The Commish 15 - Whatever happened to the good old days of handicaps by Stalin.
Razor Gillette 18 - When is this guy going to get enough handicap?
Woody 27 - More net double eagles and holes in one than I've ever seen.
Marty 12 - Some of the worst golf shots I've ever seen.
Bardo 6 – Still the low handicapper’s hero.
Courts 12 - Pretty boy now has a bracelet.
Rudy 10 – It was painful to watch. Hope he brings Pure Gold calendars this year.
Stan 9 - Give it up Stan, there is no such thing as a perfect swing.

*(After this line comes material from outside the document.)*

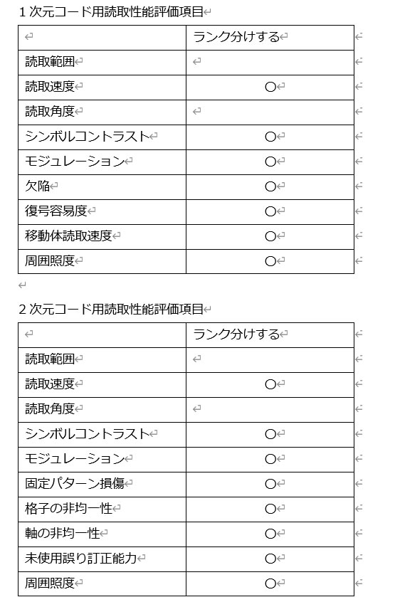 2次元コードのテスト項目はまた別となります。2次元コードには「スタック型」「マトリックス型」があって、どちらかによってテスト項目内容が異なります。ここでは、QRコードを含む「マトリックス型」のテスト項目を列挙しておきます。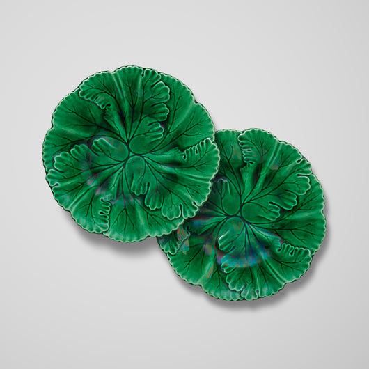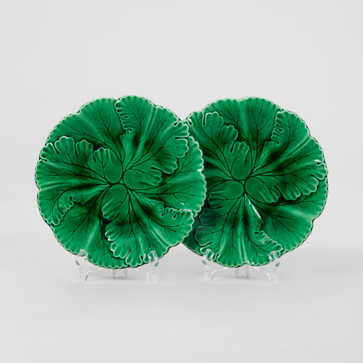 A SET OF SIX EARLY 20TH CENTURY FRENCH GREEN GLAZED LEAF PLATES.

Sam 21 - If only he could hit a driver.
Jim Jell-O Shot 20 – The unofficial most likely to win the 1999 Waverly candidate.
Ray 12 – Just look for the flag (who cares, the man can cook).
Patrick 26 - When is that golf swing going to finally live up to everyone's expectations?

Next edition of The Waverly Newsletter: Spring 1999.


Trivia answer: There was no winner of the 1994 World Series due to the players strike.